Повез Клюева к себе, в пустую избу, занял у соседей самогонки, и — всю ночь глаз в глаз просидели. И вроде так ни о чем путном и не поговорили, а, проводив друга-товарища на пароход, весело шагал Никифор утром на работу. Ясная стала жизнь: давай, товарищ, знай-поворачивайся, а то не поспеет уезд к светлому дню всемирно-революционного торжества. Вот сраму-то будет.

5

Так началась у Никифора Крюкова новая жизнь. Поначалу он все больше по уезду мотался — продналоги собирал. Созывал крестьян в избу побольше, или в школу, и — потихонечку, как водится, речь толкнет, а потом уж разговоры начинает. Мужики слушали с интересом, только сильно воняли. Никифор поначалу обижался на это, да потом махнул рукой — такой народ, некультурный! Но разговоры вели хитрые, в глаза смотрели сторожко. Крюков под их взглядами вертелся, как на иголках, где не хватало слов — на руках, пальцами старался объяснить, сколь выгодна мужику большевицкая линия. Однако чаще всего после таких собраний крестьяне, охрипнув от ругани, вываливались на улицу и начинали сворачивать друг другу скулы. Дрались молча, страшно и жестоко. А Никифор торопился домой, — ждать конца было опасно. Раз припозднился — пальнули вслед из карабина. Не попали, только лошади ухо прострелили. Но потихоньку дело в деревне пошло на лад — возникал какой-то актив, Советы, с которых можно было и бумажку стребовать, и так вызвать кой-кого, поспрошать.

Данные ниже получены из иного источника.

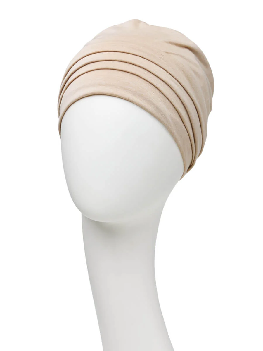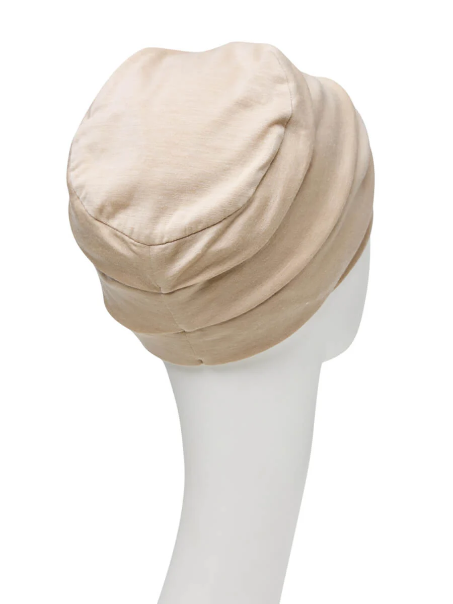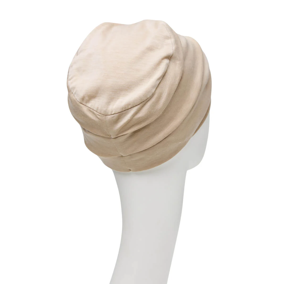 Turbanul are 3 straturi largi care sunt cusute frumos in fata deci modelul poate fi aranjat cu un aspect elegant, plisat. Straturile sunt putin mai largi pe lateral, oferindu-va optiunea de a trage si de a muta materialul in jur si astfel creeaza un stil unic si mai voluminos.

Перестал Крюков по уезду колесить. Там более, что неспокойно стало. И в уезде, и — вообще. Перли белые. Сначала раненых стали завозить: ищи, Никифор Степаныч, куда разместить! Потом части отходящие — опять Крюкову работенка. А потом — штабы, лошади, обозы, бабахает где-то… Совсем обалдел, не спал неделю. Раз забежал к Евсейчику, — не могу! Сымай! Давай карабин! Не дашь — все равно уйду. У меня наган есть.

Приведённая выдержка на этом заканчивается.